We have argued that an important difference between prior studies and the current one is the precision of the prediction cue. It is also worth noting that previous studies were conducted with spatial (stimulus location)- and semantic (tone pitch)-based predictions rather than temporal ones. Given this, it could be that the different results we observed were due to some fundamental difference in how temporal and spatial/semantic prediction cues are processed. For instance, research has shown that temporal cues can influence the phase of neural responses (Busch & VanRullen, 2010; Schroeder & Lakatos, 2008). That is, visual to auditory predictions, as used in the current study, can cause neural responses to become phase-locked (aligned) to the onset of expected stimuli; such oscillatory effects have been shown to be involved in the processing of cross-modal temporal predictions (Lakatos et al., 2009; Schroeder, Lakatos, Kajikawa, Partan, & Puce, 2008) and have also been associated with N1 ERP effects (Arnal & Giraud, 2012; Arnal et al., 2009). This mechanism may explain why the processing of temporal predictions differs from spatial and semantic ones. This idea could be tested in a study that manipulates cue precision in both temporal and spatial/semantic domains. If prediction precision (and not temporal cueing specifically) contributed to the current set of results, then similar results should be observed when using stimuli with more precise spatial or semantic predictions.

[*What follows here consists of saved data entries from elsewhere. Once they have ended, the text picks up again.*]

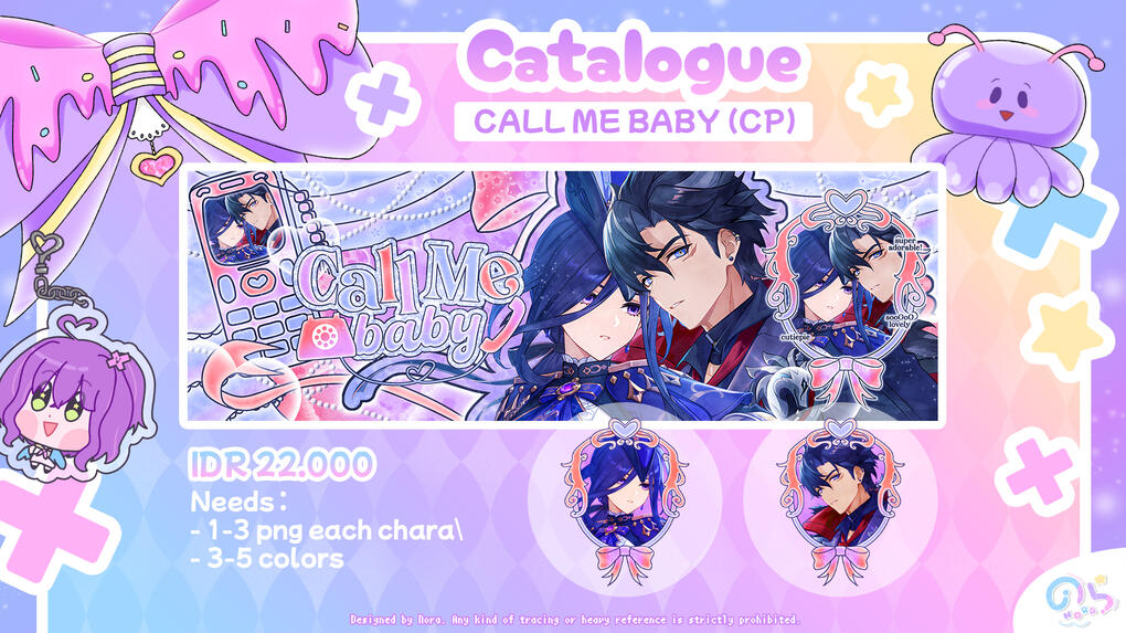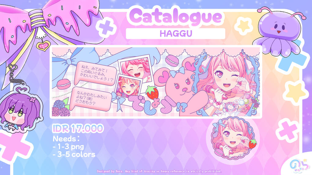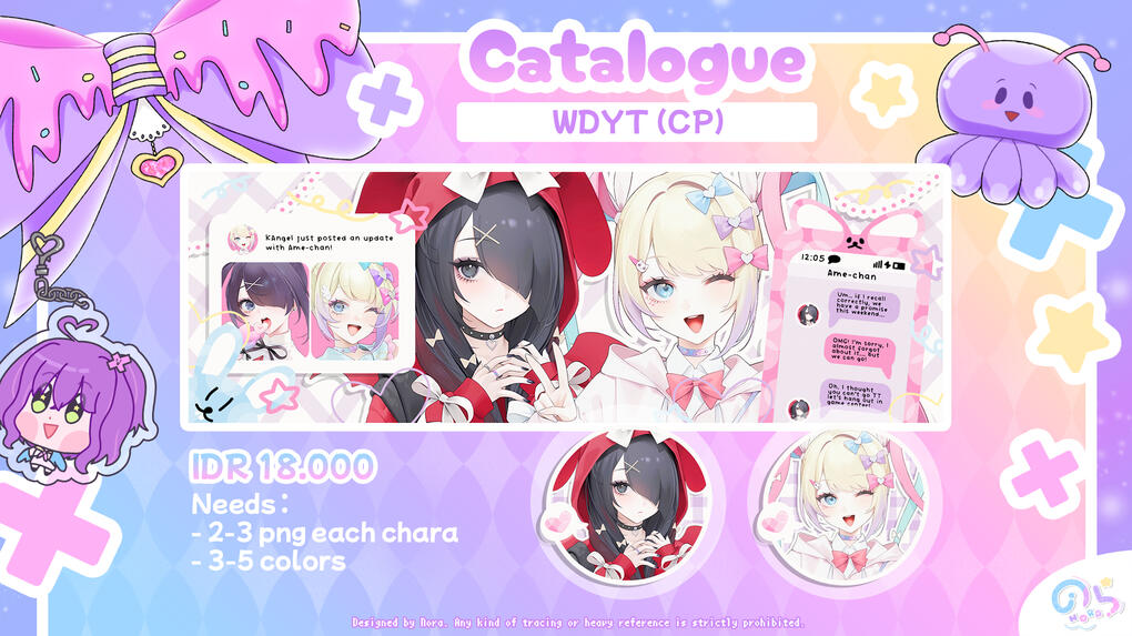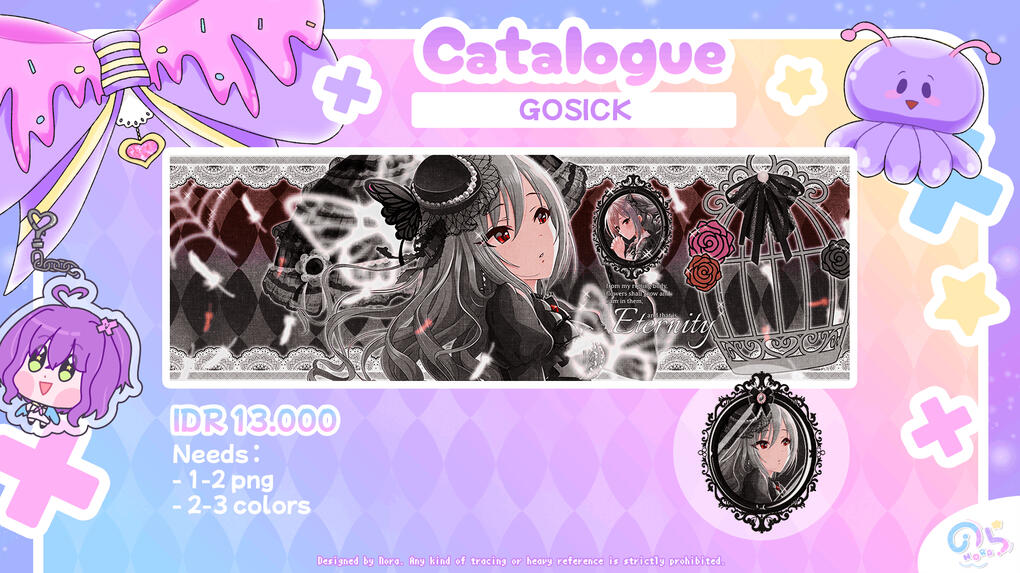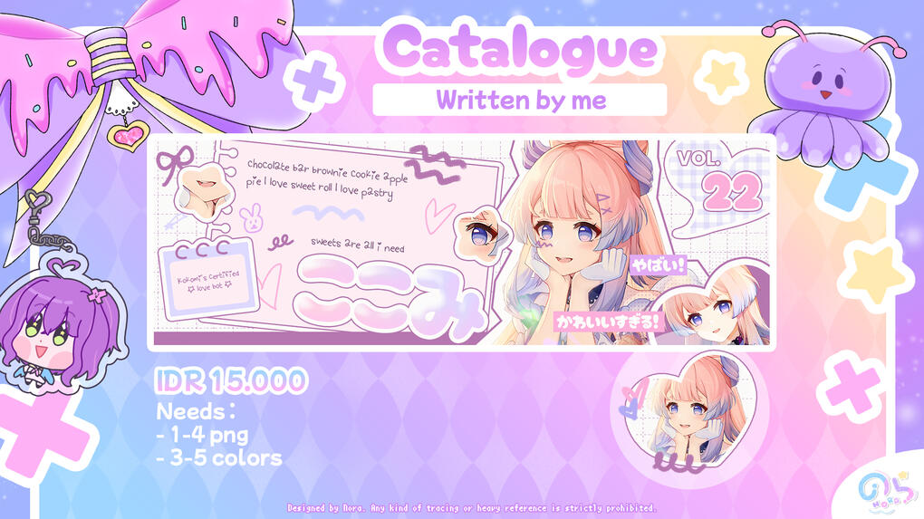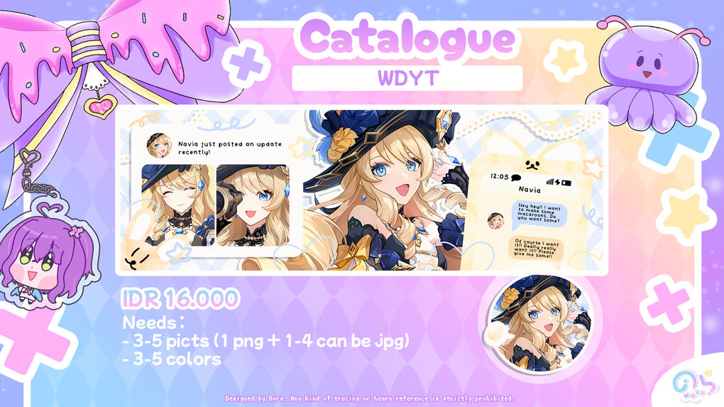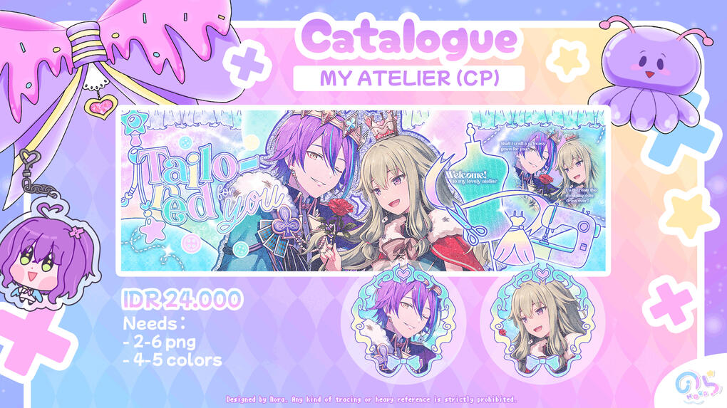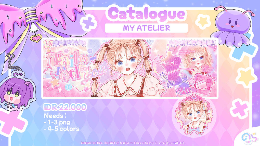 Semua desain yang ada di katalog akan diberi warna sesuai dengan foto yang diberikan. Kalau mau req warna, jangan lupa cantumin color palette di form :3 boleh berupa kode warna maupun foto6. REVISI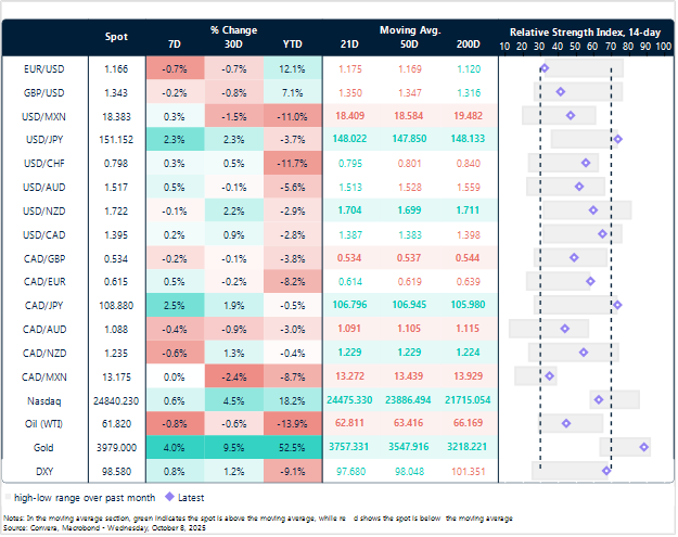 The US dollar index (DXY) has performed well so far this month – up ~0.7% – despite the ongoing U.S. government shutdown. Its largest constituents – the euro (57.6%) and the yen (13.6%) – have each faced political upheavals that sent both currencies lower, boosting the greenback. In Europe, persistent turmoil within the French government has weighed on the common currency, while in Japan, the election of pro-stimulus conservative Sanae Takaichi has raised concerns that the Bank of Japan may delay its recent shift away from ultra-loose monetary policy. Meanwhile, long-term bonds have sold off across the board in response to these developments – echoing the late-summer episode – further supporting the dollar through safe-haven flows.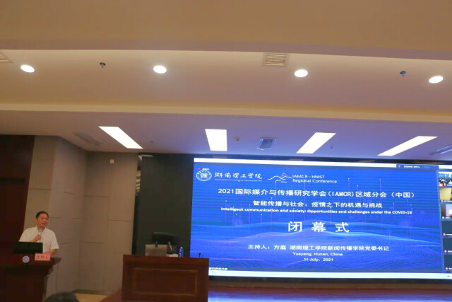 湖南理工学院新闻传播学院党委书记方庭主持会议的闭幕式,湖南理工学院社科发展中心处长鲁涛教授作闭幕致辞。鲁涛教授祝贺会议取得圆满成功,感谢莅会的所有国内外高校知名专家、青年学者、青年学子的智慧贡献,希望未来各位学术同仁勠力同心,致力于打造学术共同体,讲好中国故事,传播好中国声音,建设具有中国特色、中国风格、中国气派的人文社会科学。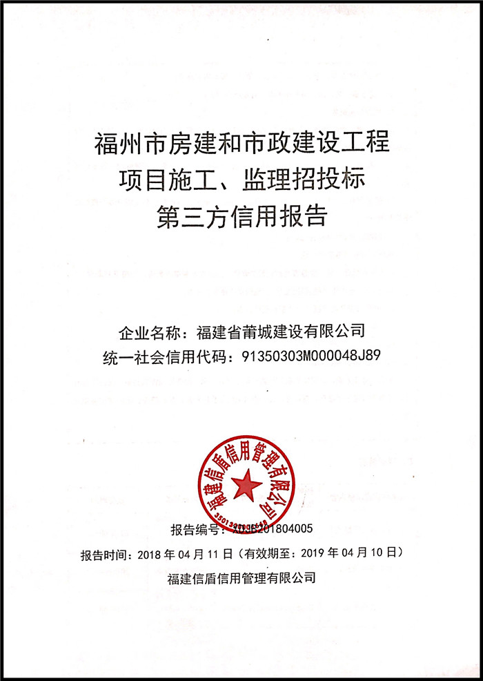 福建省莆城建設有限公司 XDJB201804005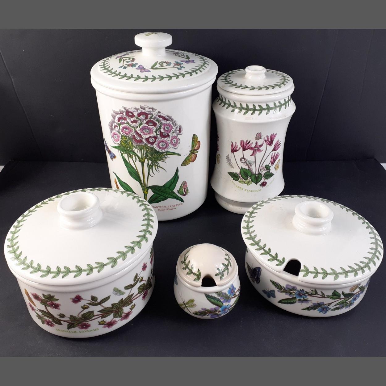 PORTMEIRION Ceramics - A collection of five storage ware largest DIANTHUS BARBATUS 22 high. Largest with seal, all in good condition.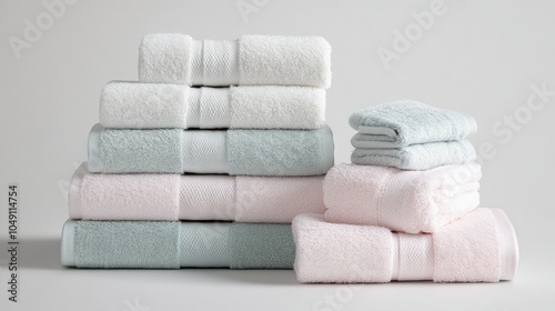 Soft pastel towels stacked in a variety of textures, creating a clean and fresh look perfect for cozy home decor.
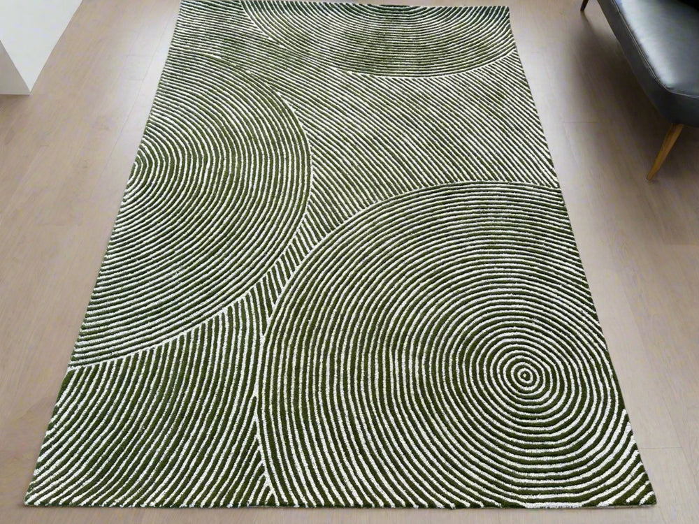 Viper Modern Rug 100% Wool Green Hand Tufted Rug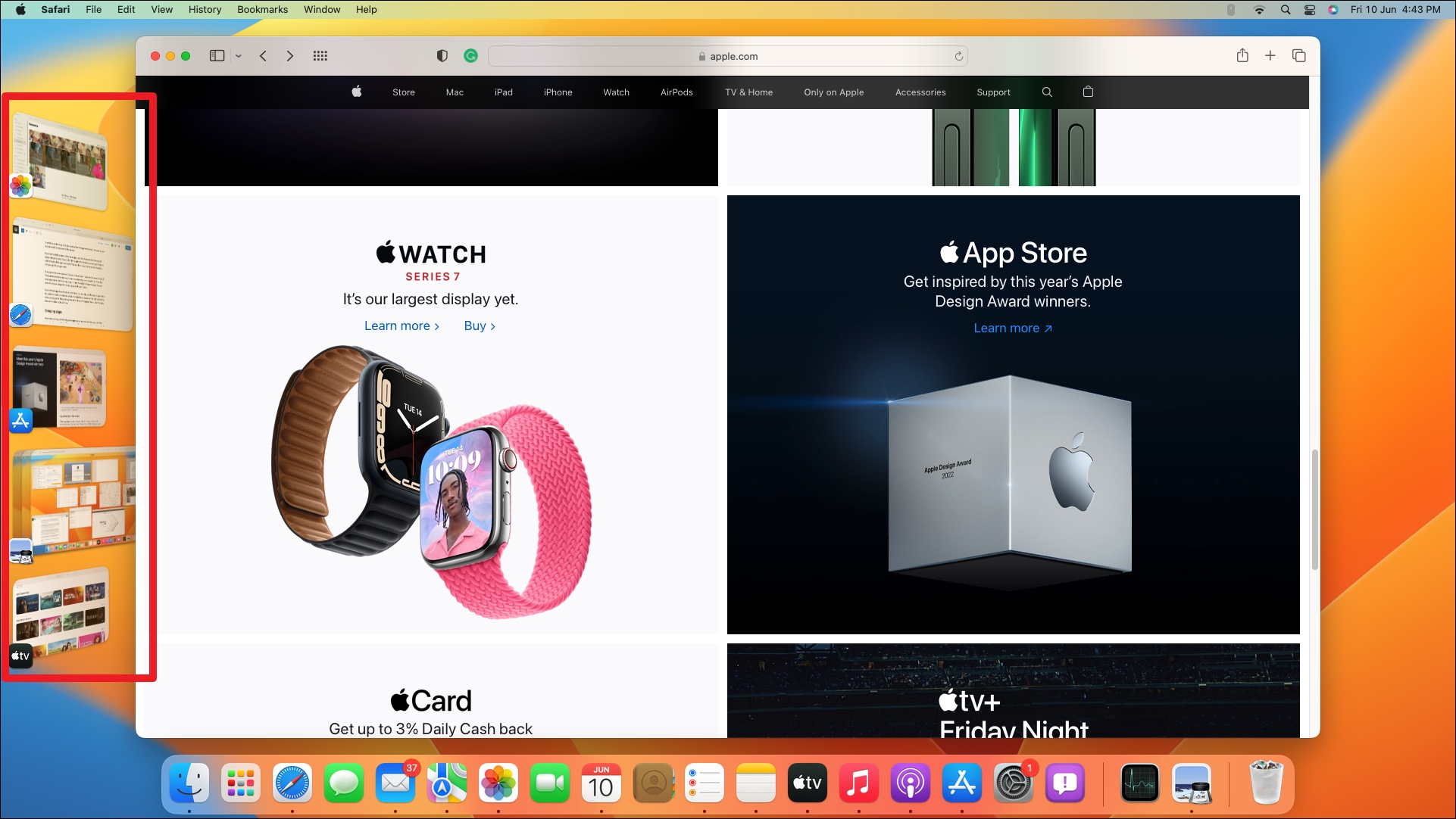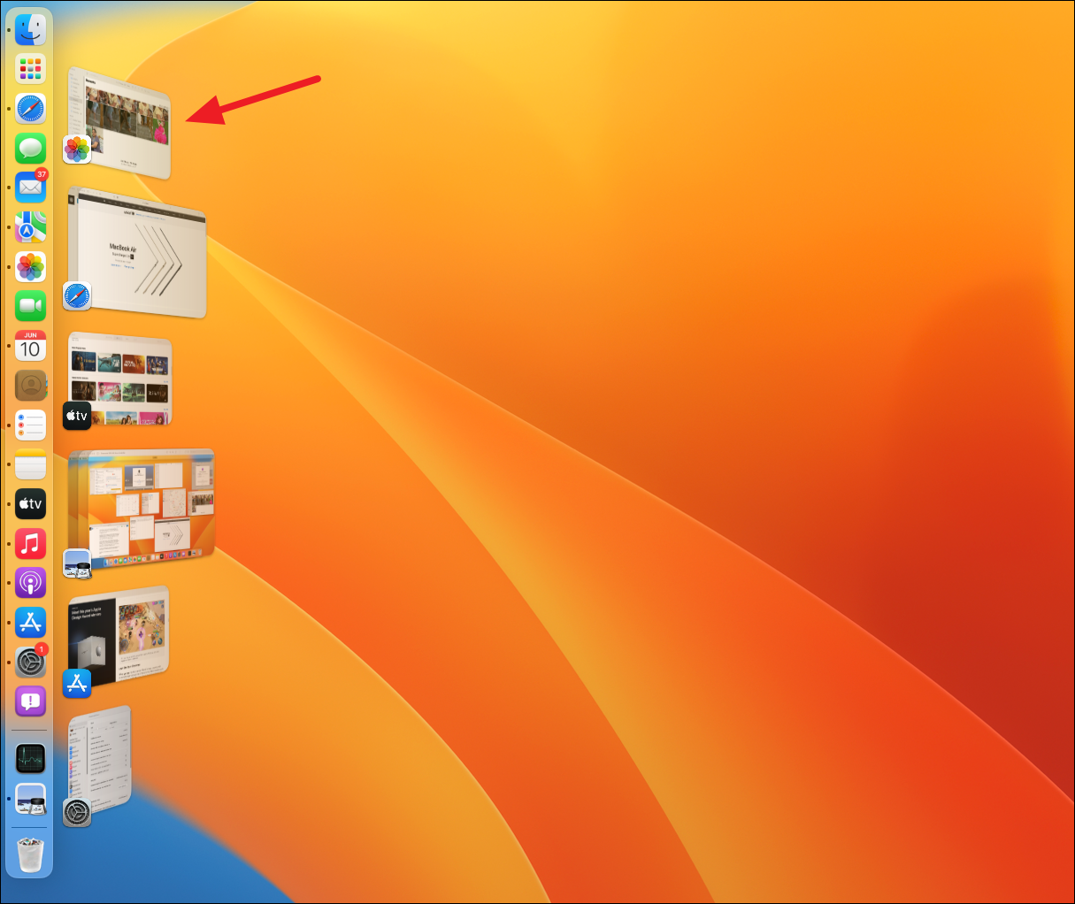 At any given time, the maximum number of thumbnails it shows on the screen is only 5. These prime spots are taken up by apps you were using most recently. So, if you had more apps open, there’s no way to get to them through the Stage Manager. You can open those apps using other means, such as Mission Control.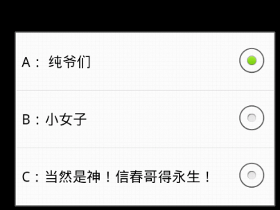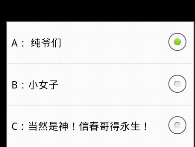 开发中时常要用到Spinner控件,例如我想要做一个选择题: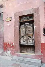 In the historic center, there are an estimated two thousand doors, behind which there are at least two thousand courtyards of various sizes.[8] Many of these have been restored to their former colonial state,[12] with façades of ochre, orange and yellow, windows and doors framed by handcrafted ironwork and made of hewn wood.[31] The interior roofs are flat, of heavy mortar supported by large beams. Very few structures have atriums or front yards; instead, open private space is behind the main façade in courtyards. These courtyards are where the private gardens were, protected from dust, excess water and crime.[8]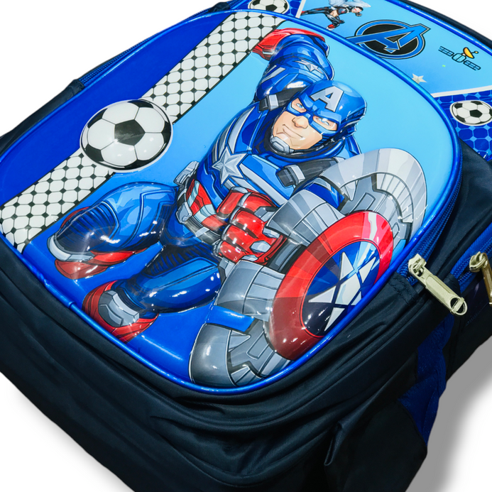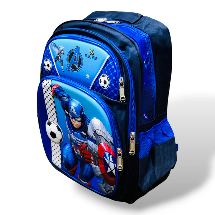 This 16 inch Avengers school bag is the perfect way to keep your child's school supplies organized and their love of Avengers close by. The backpack features a spacious main compartment with enough room to fit books, notebooks, folders, and other essentials. There is also a front pocket for smaller items, and two mesh side pockets for water bottles or snacks. The backpack is made from durable fabric and features padded shoulder straps and a padded back for added comfort. The Avengers design is sure to turn heads, and your little superhero will love carrying this bag to school every day.

In summary, this study combined two classic paradigms that have been used to examine the effects of attention and prediction into a single, orthogonal design. The component effects of attention enhancement and prediction suppression were found, but the novel result was the interaction between these effects such that that attention enhancement occurred for unpredicted events but not for predicted events. We propose that, at least in the temporal domain, the presentation of a precise prediction cue obviated the need for attention. This interpretation calls for further studies to explore how attention and prediction interact given differing degrees of predication precision in both temporal and spatial domains.
Reprint requests should be sent to Tim Paris, The MARCS Institute, University of Western Sydney, Bullecourt Avenue, Milperra, 2214, NSW, Australia, or via e-mail: firstname.lastname@example.org.
We originally performed permutation analysis on a set range of 50 msec either side of the N1 peak (i.e., 50–150 msec); however, this yielded significance from the earliest time point so we extended this window to encompass all effects of interest (0–150 msec; Kiesel, Miller, Jolicœur, & Brisson, 2008).